St. Francis Old Vines Zinfandel 2021

Zinfandel from Sonoma County, California

Zinfandel 83%, Petite Sirah 17%

Purchase Price $19.99

Wine Spectator 90, Wine Enthusiast 88, ElsBob 88

ABV: 14.8%

A clear, crisp ruby red wine with sparkling flavors of cherries and raspberries. Medium-bodied with a fairly short finish. Will pair well with rich spicy foods.

A very good fine wine but overpriced at $20. A fair price would be $12 or less. Current prices $16-20.

Trivia: The St. Francis Winery sources its old‑vine Zinfandel, 60 to 100 years old, from a mosaic of small, family‑owned vineyards across Sonoma County, including some of its own estate parcels. Dry Creek Valley, Russian River Valley, and Sonoma Valley are the classic AVAs for old vine Zinfandel, and no single winery holds enough old‑vine acreage to produce a meaningful volume alone. St. Francis relies on long‑standing relationships with these growers, making this wine neither a négociant bottling nor a strictly estate‑grown one, but a true grower‑partner expression.

The winery takes its name from St. Francis of Assisi, the patron saint of animals and the nature. Themes of reverence for creation, harmony with the land, and care for living things shape the winery’s identity.
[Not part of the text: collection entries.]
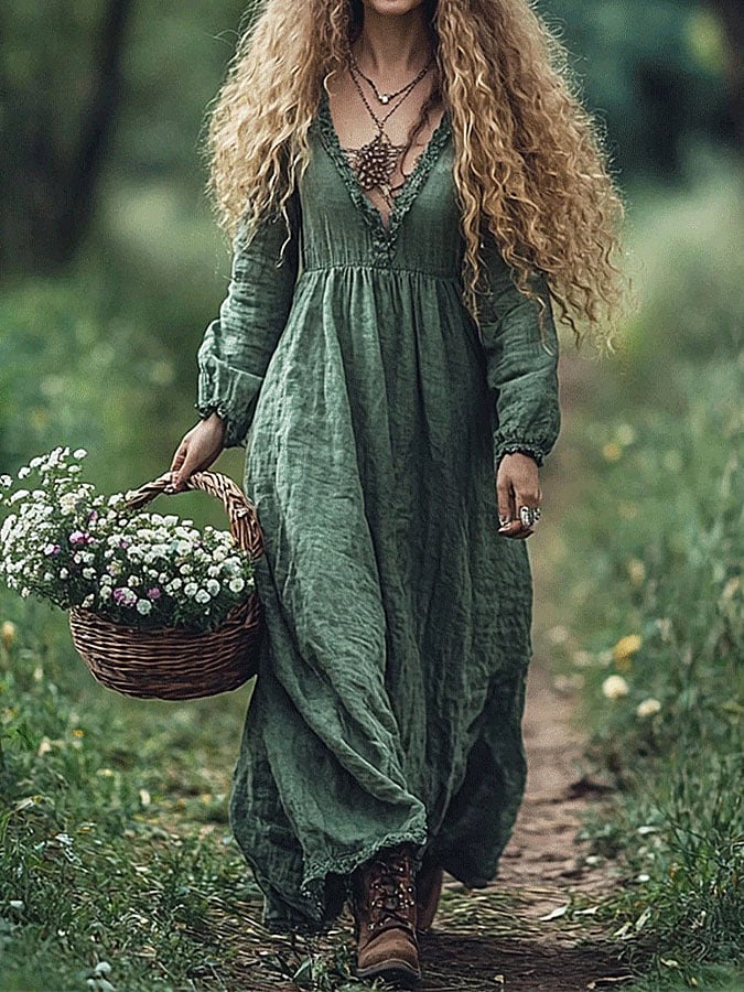 Women's Solid Color Casual V Neck Dress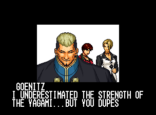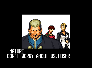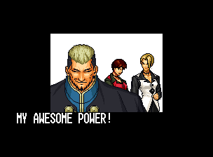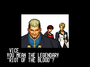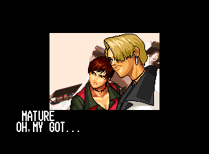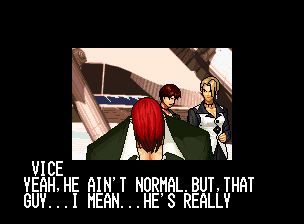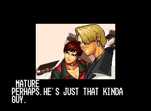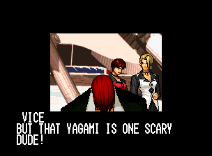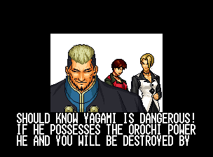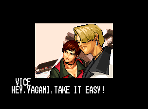 | Hero Team: Kyo, Benimaru, Daimon | Fatal Fury Team: Terry, Andy, Joe | Art of Fighting Team: Ryo, Yuri, Robert | Psycho Soldier Team: Athena, Kensou, Chin | | Korea Team: Kim, Chang, Choi | New Ikari Team: Leona, Clark, Ralf | New Women Fighters Team: Kasumi, Mai, King | - Yagami Team: Iori, Mature, Vice - | | Boss Team: Gesse, W.Krauser, Mr.Big | | - Standard Teams - | Special Teams | Team Edit | |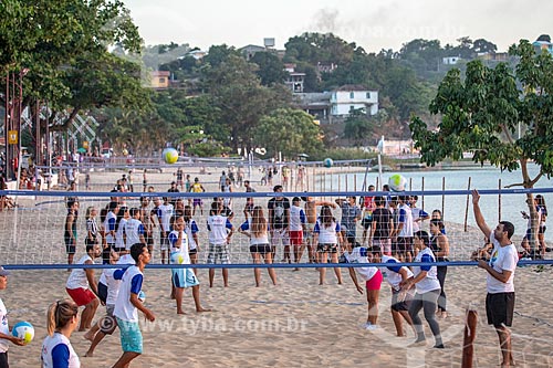 Subject: Youngs of the Esporte Presente Program - Department of Sport and Leisure of the Municipality of Marica playing beach volleyball - Aracatiba Lagoon waterfront / Place: Aracatiba neighborhood - Marica city - Rio de Janeiro state (RJ) - Brazil
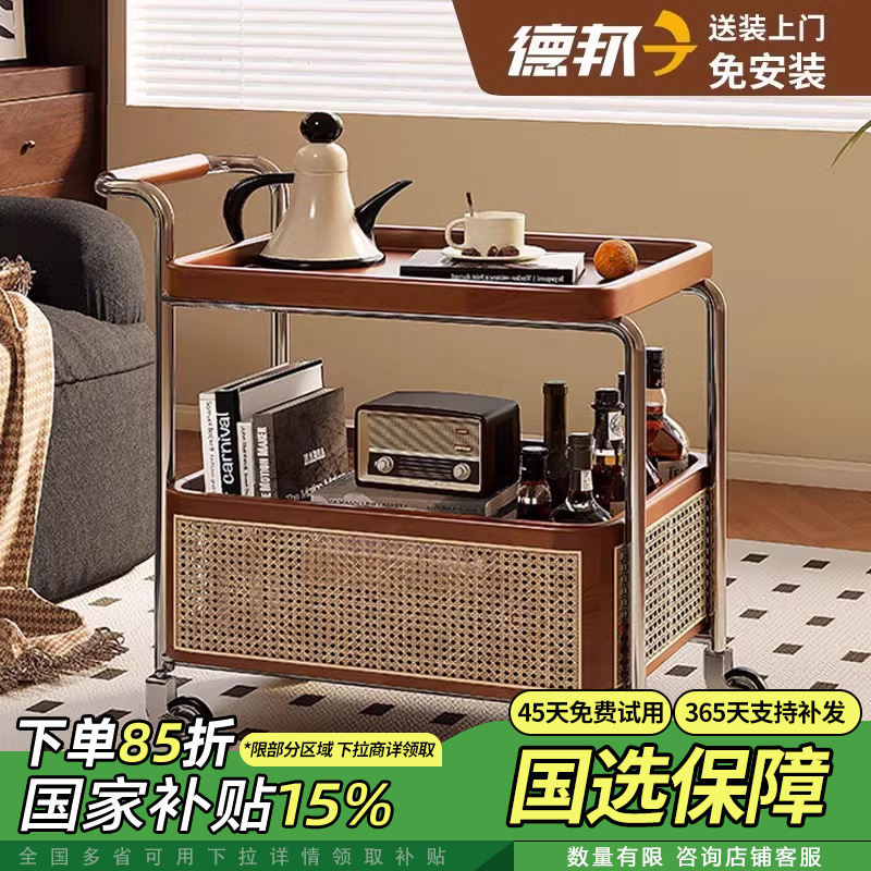Gerobak Kecil Dapat Dipindahkan Sofa Ruang Tamu Meja Kopi Rak Penyimpanan Barang Dapur Kayu Solid Gaya Kuno Model Baru Mobil Makan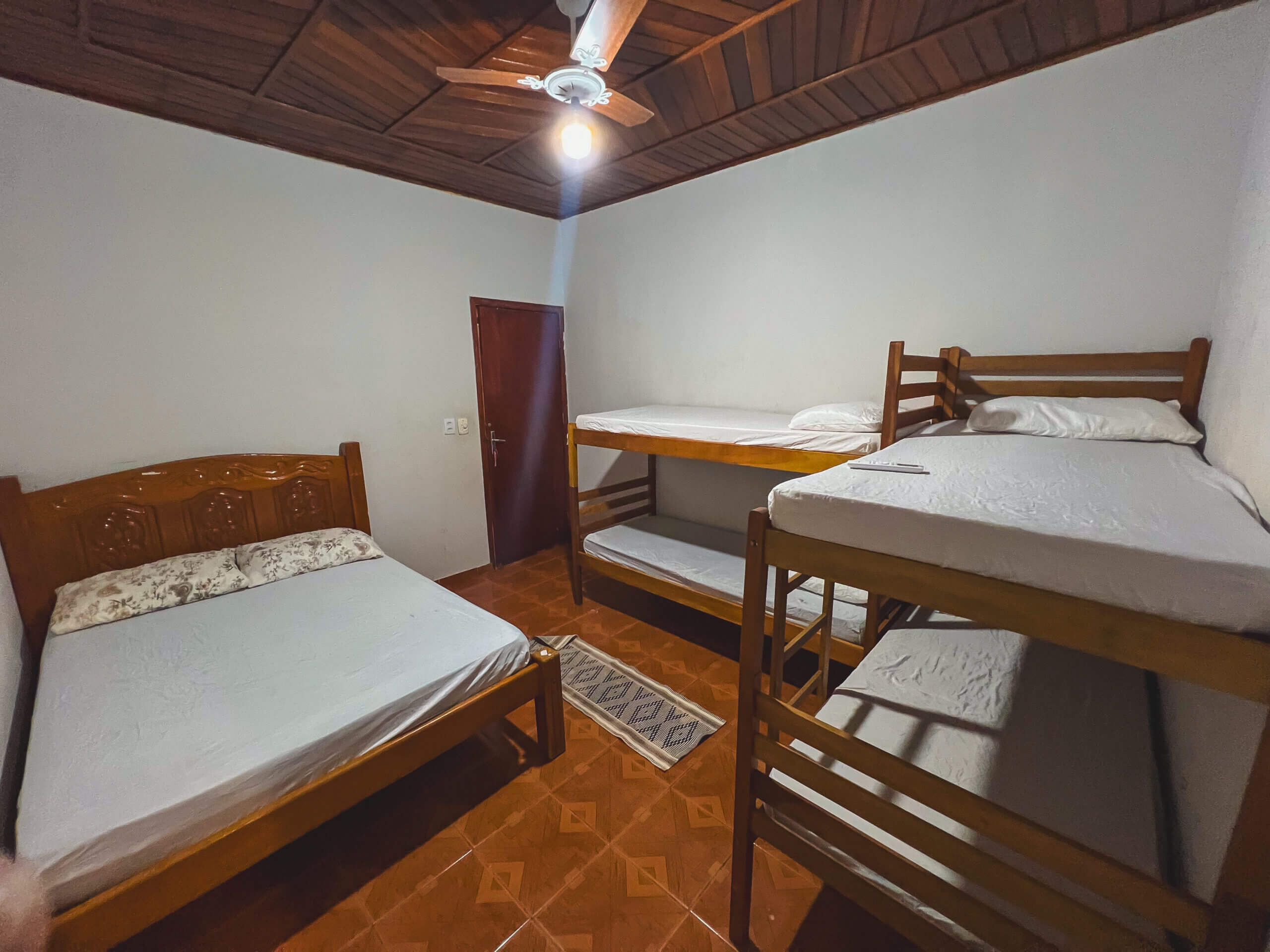 Com espírito selvagem e aconchegante, a Toca do Lobo é perfeita para quem quer se reunir em grupo e aproveitar momentos de descanso em meio à natureza. Inspirada na força e união da alcateia, essa suíte acomoda confortavelmente até 6 pessoas, com 1 cama de casal e 2 beliches. Equipada com ar-condicionado, frigobar, TV, Wifi, banheiro privativo e enxoval completo de cama e banho. Aqui, cada detalhe convida ao conforto — e toda a estrutura do Rancho está à sua disposição para viver dias inesquecíveis.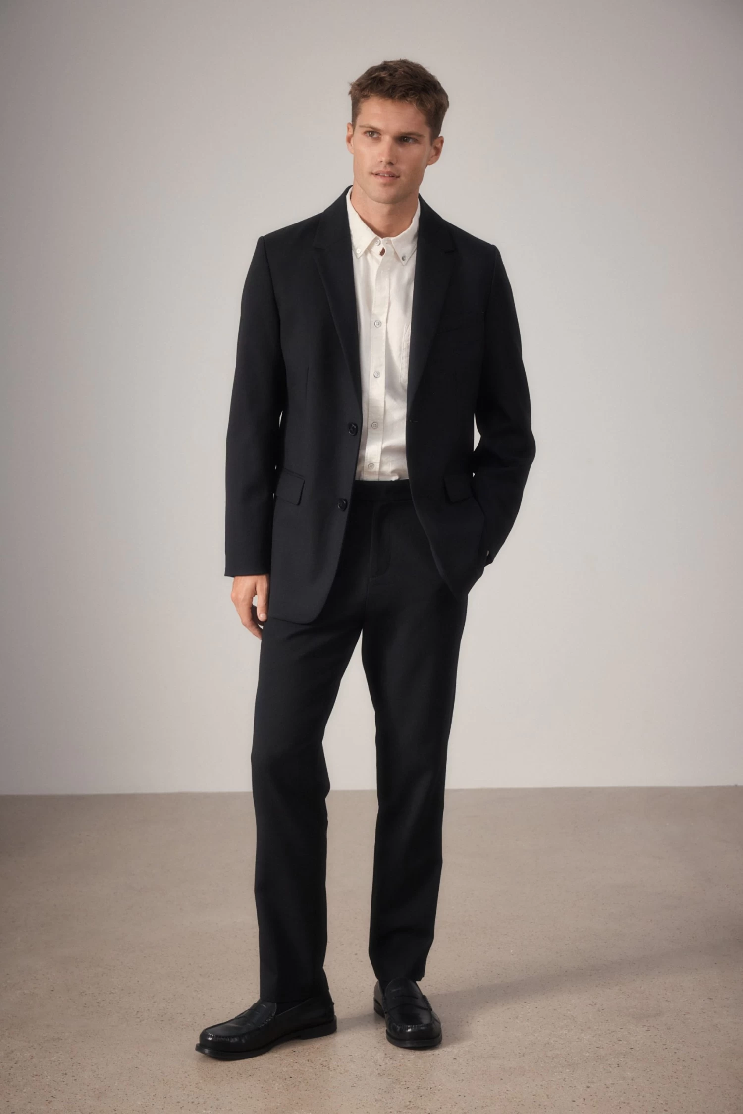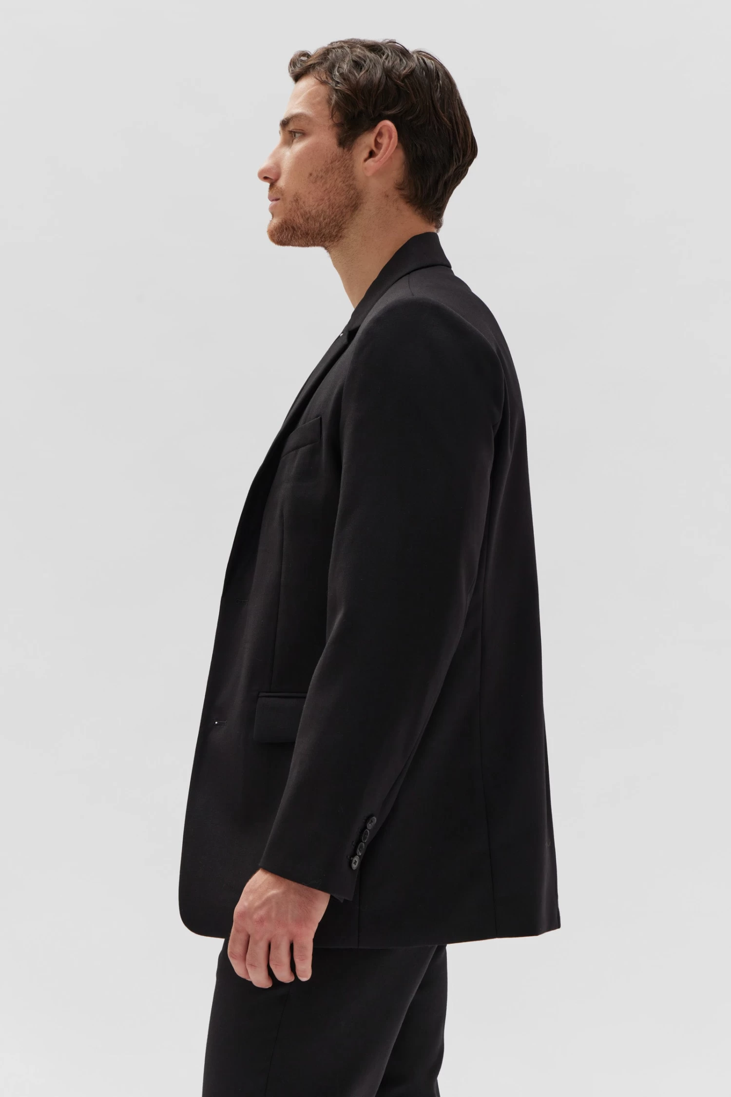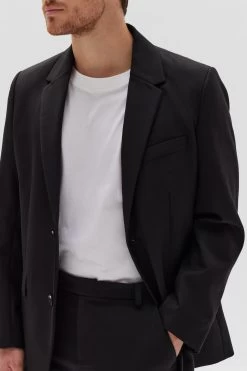 A menswear essential, the Wool Tailored Jacket is perfect for formal occasions and officewear. This black jacket is crafted from premium 100% wool with a brushed feel, and it features internal lining, external pocket details, an internal pocket, notched lapels, two buttons through the front, buttoned cuffs and a back vent. Wear the tailored jacket with our coordinating Wool Tailored Pant as a complete suit.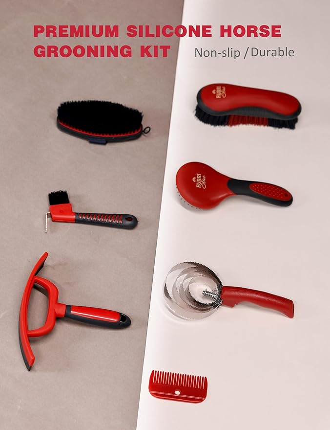 - Complete 9-Piece Grooming Set: This horse grooming kit includes all essential tools (Dandy Brush, Sweat Scraper, Hoof Pick w/ Brush, Body Brush, Round-Head Comb, Metal Curry Comb, Printed Waterproof Bag with Pocket, Sponge, and Mane Comb + Hair Bands) for thorough cleaning, detangling, and finishing - from coat to hooves.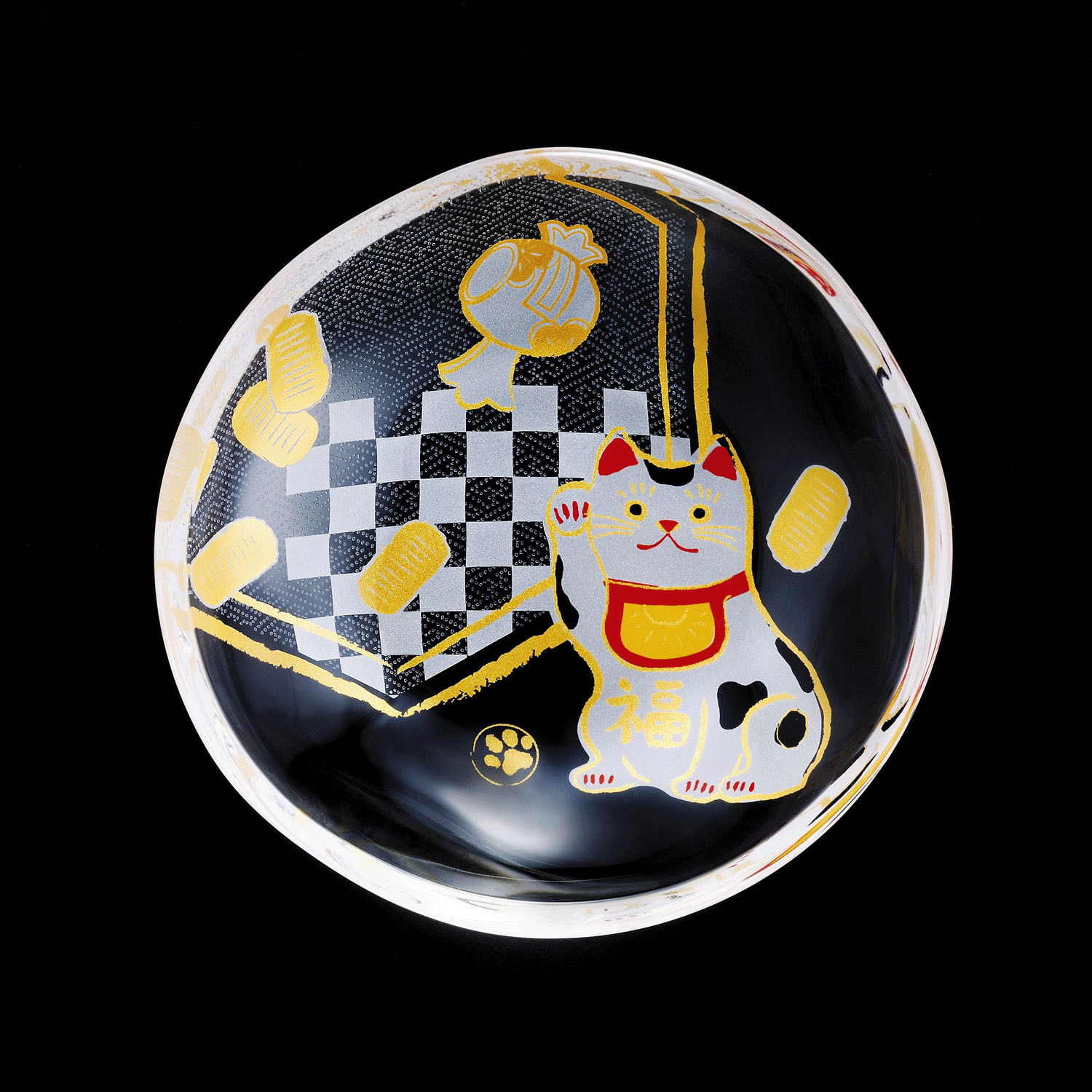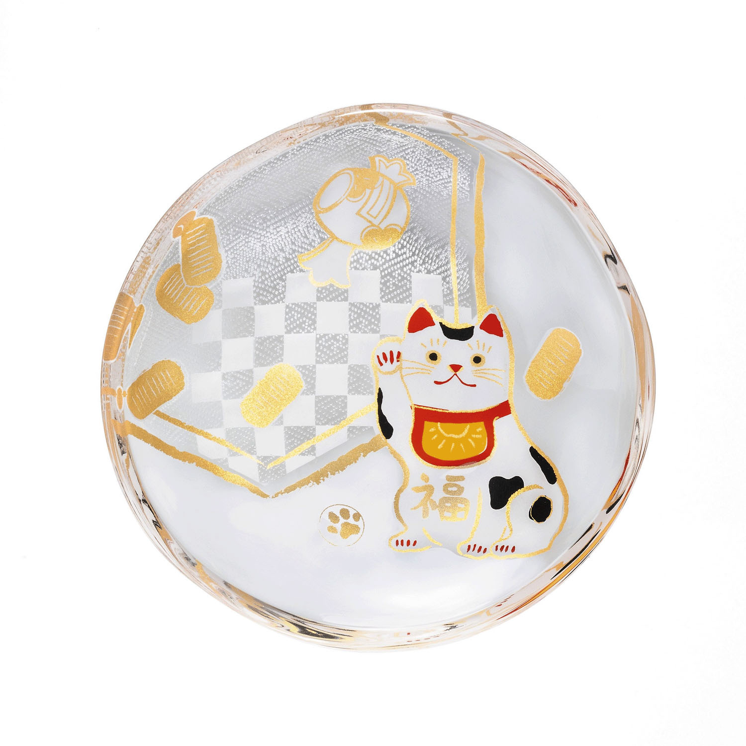 這款小碟飾有招財貓圖案,象徵著幸福。

St. Francis of Assisi founded the Order of Friars Minor, the Franciscans, and inspired both the Poor Clares and the Third Order for laypeople. He embraced absolute poverty as the spiritual core of his movement. In 1224 he received the stigmata, becoming one of the earliest and most famous stigmatics in Christian history. His life remains a model of humility, peace, and solidarity with the poor, a faithful imitation of Christ. This ideal of poverty has deep roots in Christianity. In the early Church, renouncing wealth was a way of rejecting the Roman system of power and status. The Desert Fathers of the 3rd to 5th centuries carried this impulse into the wilderness of Egypt and Palestine, seeking God in radical simplicity. For them, poverty created an interior stillness: freedom from the noise of desire (from material possessions), a state they called apatheia. The word is Greek, meaning “without passion,” but in the ancient world it carried a positive sense of clarity and freedom rather than the negative connotation the modern term “apathetic” suggests.